Siamo sul finire degli anni Sessanta. Un archeologo si convince che proprio lì, sulle montagne della Valtellina, devono trovarsi dei segni della presenza più antica dell’uomo, quella della Preistoria, quando l’unico strumento per lasciare volontariamente traccia era l’incisione. Passa in autobus Davide Pace, l’archeologo testardo, sta andando verso Bormio e guardando la montagna dal finestrino nota un’ampia rupe lucente ai bagliori del sole e intravede delle incisioni. Aveva ragione. Ha dovuto ripulire i muschi e convincere la marchesa Margherita Pallavicino Mossi Visconti-Venosta a donare quel terreno, ma Davide Pace ha regalato al mondo la Rupe Magna.

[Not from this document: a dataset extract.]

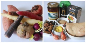 Ingrédients (on peut diviser les proportions par 2) : 2 patates douces moyennes, 500 g de carottes (violettes, jaunes), 1 betterave chioggia, quelques radis japonais, 50 cl graisse de canard, 2 échalotes moyennes, 1 foie gras cru déveiné, mélange 5 épices, poivre, sel, 1 verre de porto, 2 grands carrés de pâte feuilletée pur beurre, QS (quantité suffisante)  de sucre blanc, 4 abricots secs, 50 g raisins secs, 4 figues fraîches ou figues sèches, 25 cl de miel liquide, 25 cl de bouillon de volaille, noisettes entières hachées, jeunes pousses, fleurs comestibles, graines germées
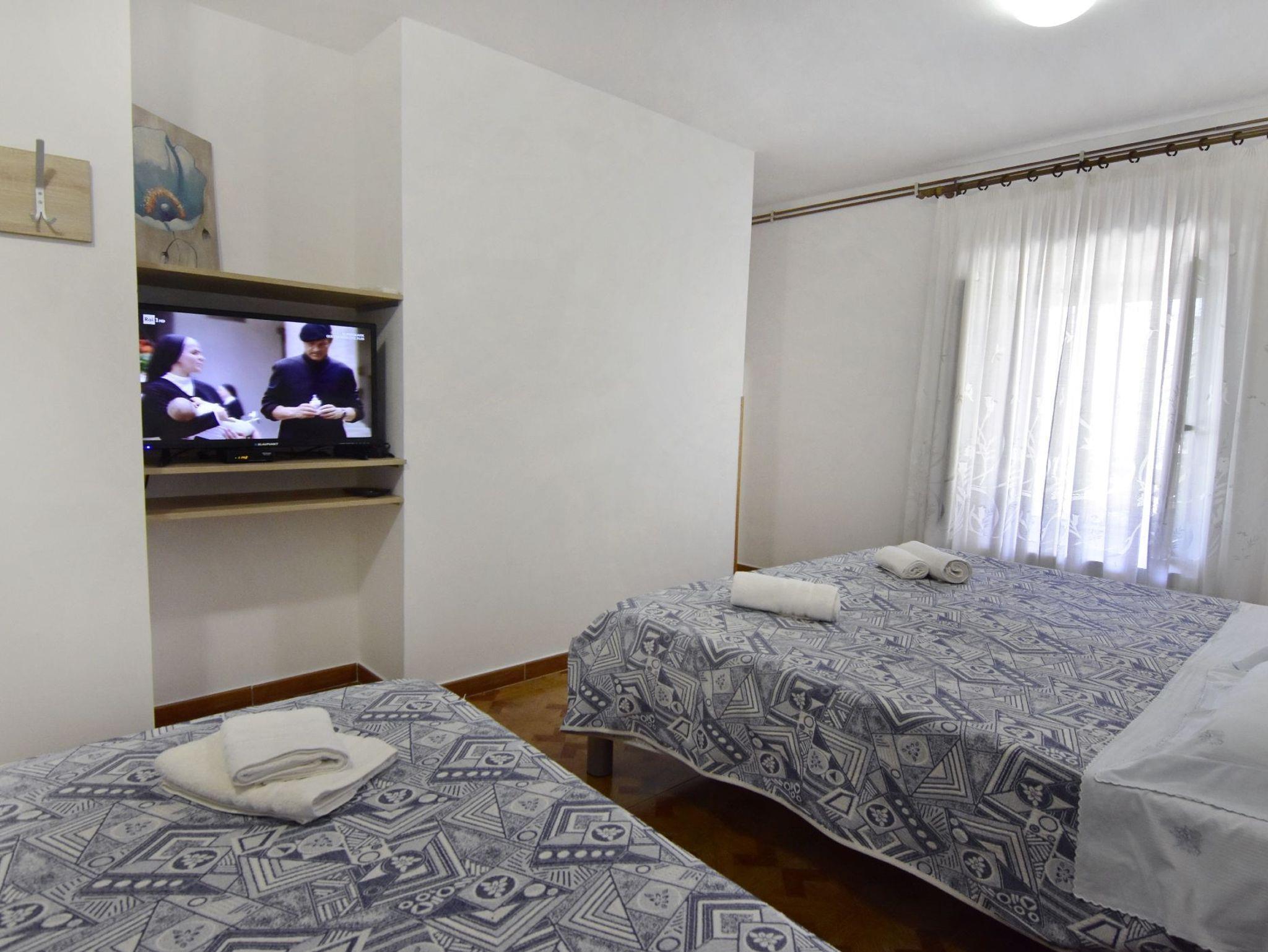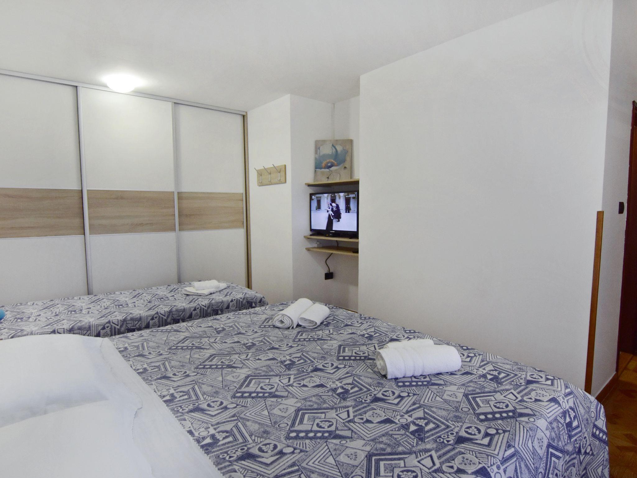 Ferienwohnung bietet Platz für 4 Gäste. Die Betten sind in Schlafzimmern, die es 1 gibt, und in Wohnzimmer, innerhalb einer Gesamtfläche von 55m2, angeordnet. Die Gäste haben eine eigene Terrasse zur Verfügung, auf der sie in warmen Sommernächten genießen können. IM PREIS INBEGRIFFEN: Kurtaxe, Endreinigung, Klimatisierung, Parkplatz, Internet, Föhn. Die Verfügbarkeit zusätzlicher Dienstleistungen in Ihrem reservierten Termin und die Preise derselben (falls nicht aufgeführt) müssen im Voraus überprüft werden. Zusätzliche Dienstleistungen die in der Zahlungsaufforderung nicht aufgeführt sind werden direkt beim Vermieter bezahlt, angenommen der Gast nutzt auch diese.

La più estesa roccia alpina incisa dall’uomo, ben 84 metri, si trova in quel di Grosio (in provincia di Sondrio), dove si stringe l’abbraccio tra la montagna e la valle. Un parco che regala emozioni davvero uniche: tra il Neolitico e l’età del ferro degli uomini, probabilmente attirati dalla roccia che rifletteva i raggi solari, vi incisero ben 5000 figure. Le più simpatiche, agli occhi di noi moderni visitatori, sono i cosiddetti “oranti saltici”, ossia, come li definì Pace ““oranti”   “danzanti” la cui religiosa eccitazione sembra essersi fermata in estatica stasi captante l’eterno divino”.

Il sito è uno di quelli che hanno attirato gli uomini di tutte le epoche: sul picco della montagna, a fianco alla rupe, si ergono, infatti, due castelli. Il castello di San Faustino, eretto dal vescovo di Como intorno al X secolo e quello costruito dai Visconti nel 1300. Una passeggiata in montagna può essere rigenerante, questa è anche decisamente una bella scoperta.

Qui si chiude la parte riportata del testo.